:: Dataset records
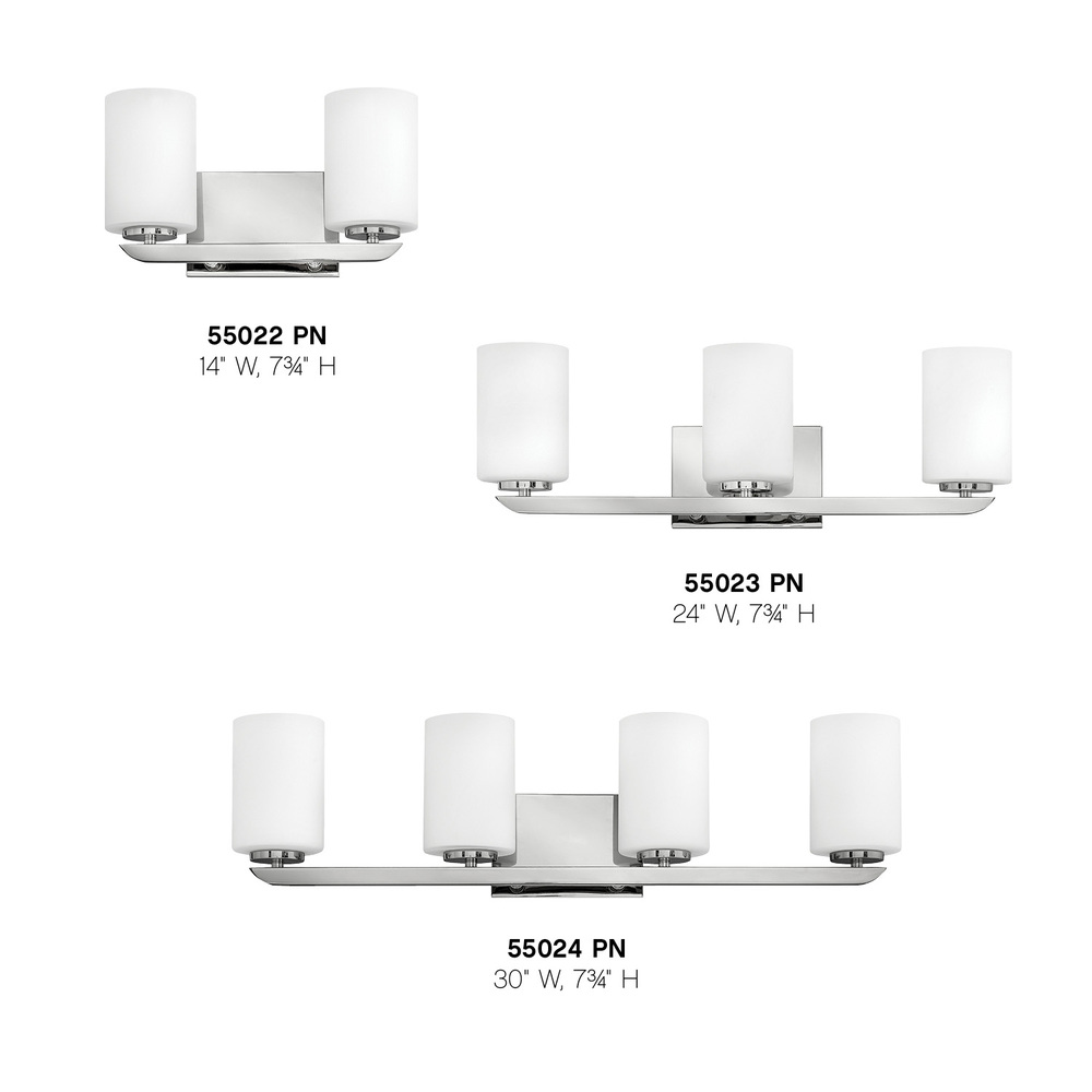 Clean and crisp, Kyra's minimalist design is anchored with a bold yet simple aesthetic. The sleek cross bar ends with a subtle curve for an element of softness. Rich finish options of Brushed Nickel or Polished Nickel complement the elegant etched opal glass.
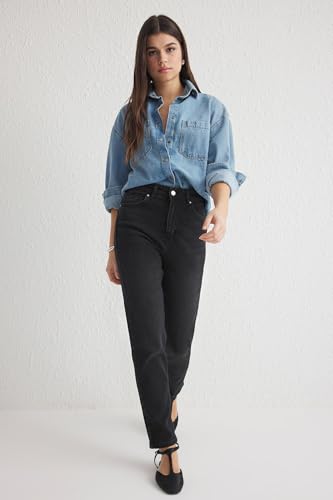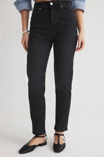 Trendyol - بنطلون جينز مريح بخصر مرتفع للنساء Twoss25Je00115 من ترنديول
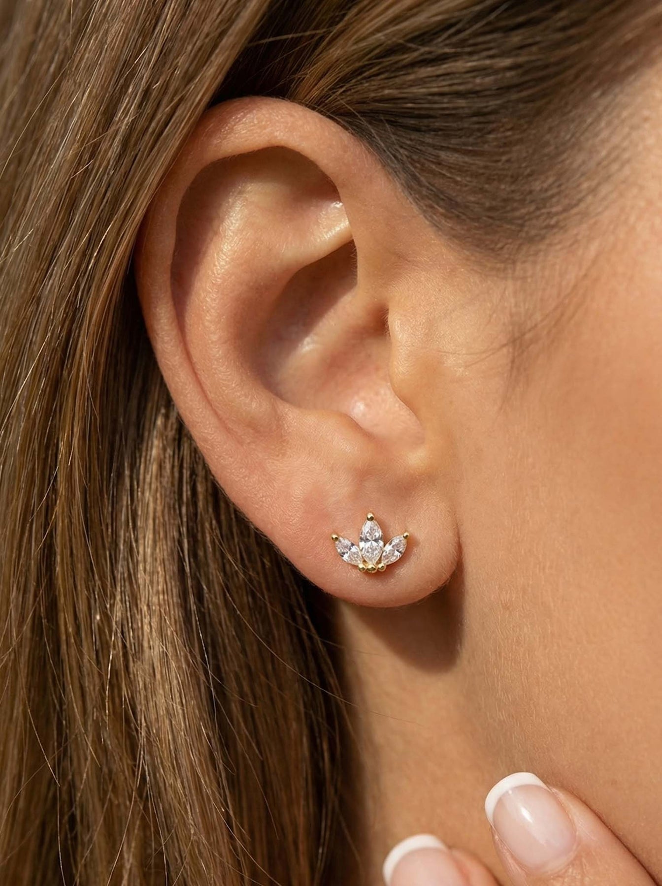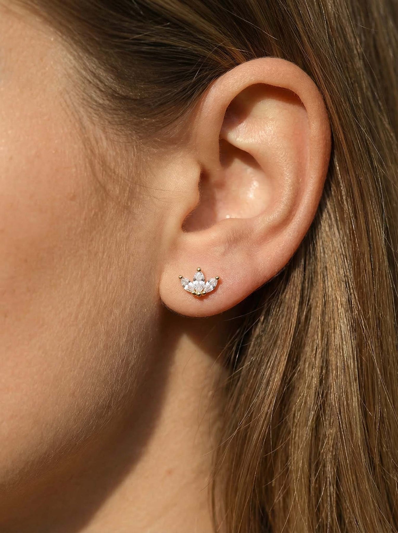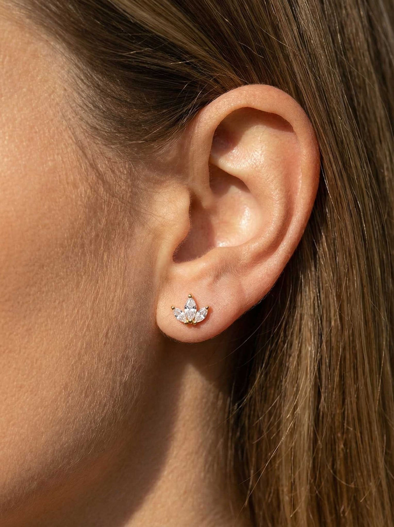 These elegant Diamond Stud Earrings feature three sparkling marquise-cut cubic zirconia stones arranged in a refined crown-like design. Crafted from premium 925 sterling silver and finished with high-quality gold plating, they offer a luxurious shine while remaining lightweight and comfortable for everyday wear.
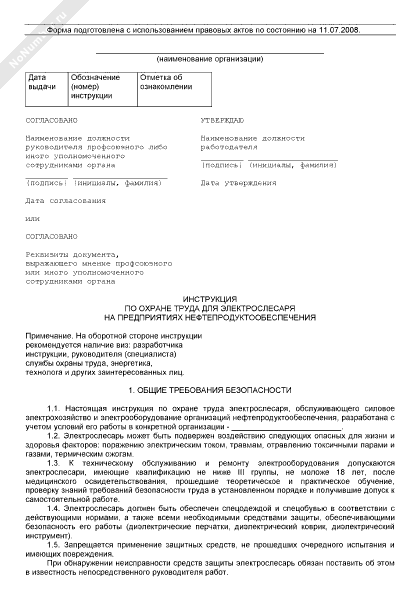 Инструкция по охране труда для электрослесаря на предприятиях нефтепродуктообеспечения (рекомендуемый образец заполнения)
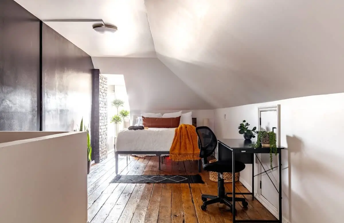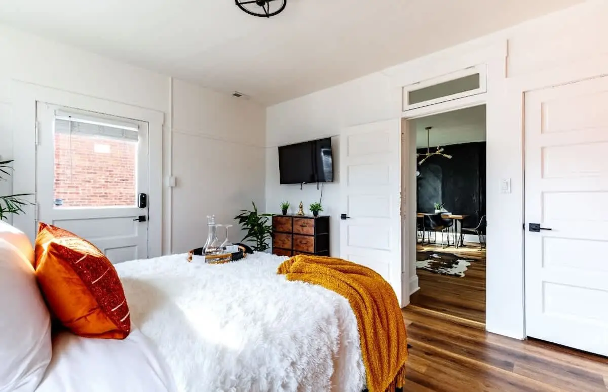 Our home is centrally located downtown and shares a wall with the neighboring unit, so some city or neighbor noise is possible. To ensure a restful stay, we’ve provided white noise machines and fans in every room for light sleepers.
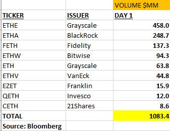 收盘后,以太坊现货 ETF 第一天的总交易量为 10 亿美元,是比特币现货 ETF 第一天交易量的 23%,彭博 ETF 分析师表示:
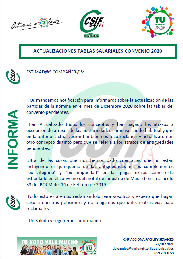 Adjuntamos información sobre los atrasos del Año 2020 y que hemos reclamado a la empresa. ACTUALIZACIONES CONVENIO 2020
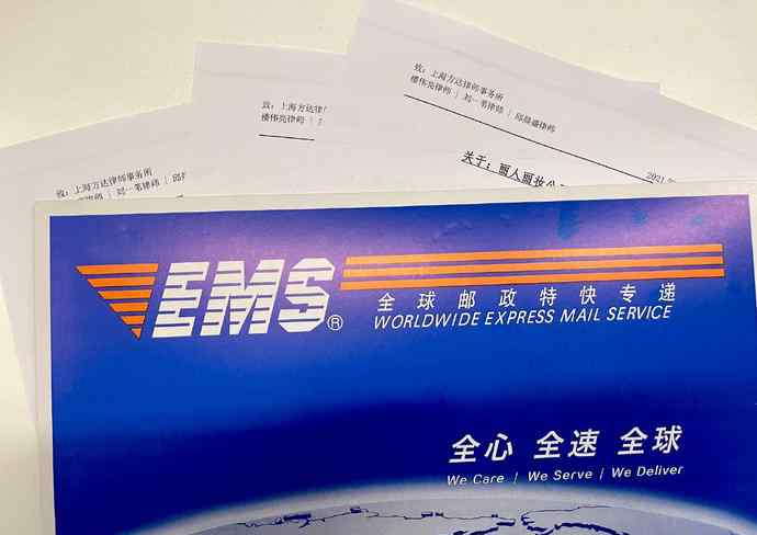 翁淑华的微博配图显示,其通过EMS邮寄了几份材料,材料的抬头是致上海方达律师事务所的三位律师。
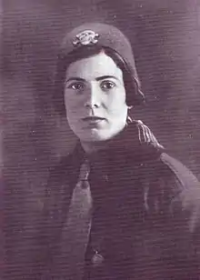 The following year, during the 1921 Italian General Election, Donati participated in the civil voluntary service and created propaganda for the Fascist national candidates.[3] On February 18, 1921, at the Caffè Aragno in Rome,[2] near the Montecitorio Palace, the Deputy of the Italian Socialist Party, Alceste Della Seta,[10] was beaten, the second attack that he suffered.[11] The first planned target of the attack was Nicola Bombacci, one of the founders of the Communist Party of Italy.[3] She was arrested and spent one month in jail in connection with the attack.[5] On July 31 she was attacked by the anti-Fascist group[12] Arditi del Popolo in Trastevere, who spent 20 days in hospital as a result.[3] In 1921 she received what Fascists would later call her "battesimo del fuoco" (baptism by fire) at Ravenna, the location of a nationalist congress; Luigi Federzoni described her as "fearless, standing between the whistle of bullets".[3]
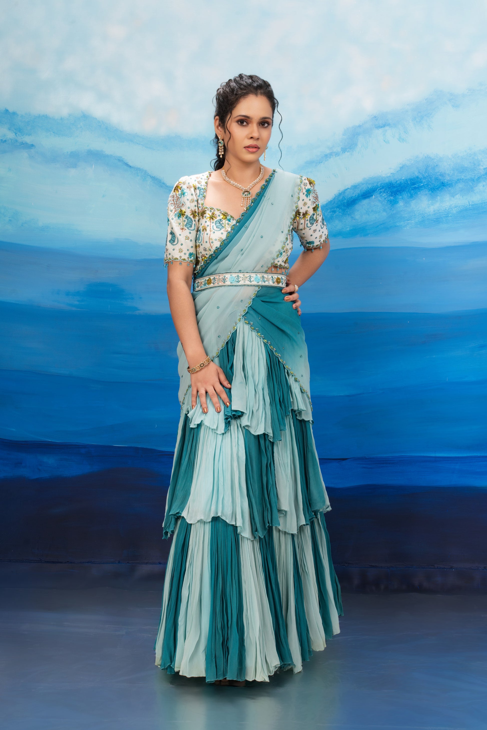 Taarini is a premium designer lehenga crafted in lightweight, layered georgette for effortless movement and elegance. The blouse features detailed hand embroidery with metallic thread and sequin highlights, complemented by a statement embroidered waist belt. Paired with a matching georgette dupatta, this ensemble brings modern Indo-western flair with timeless couture craftsmanship perfect for celebrations that demand grace, comfort, and style. If you like the product, place an order right away. Our team will call you for customizations.
::::
## Aim of the task
Give again, word for word, every line from the top of the entries above to the line holding "Trendyol - بنطلون", both included. Leave the pictures out.

## Finished exercise
 Clean and crisp, Kyra's minimalist design is anchored with a bold yet simple aesthetic. The sleek cross bar ends with a subtle curve for an element of softness. Rich finish options of Brushed Nickel or Polished Nickel complement the elegant etched opal glass.
 Trendyol - بنطلون جينز مريح بخصر مرتفع للنساء Twoss25Je00115 من ترنديول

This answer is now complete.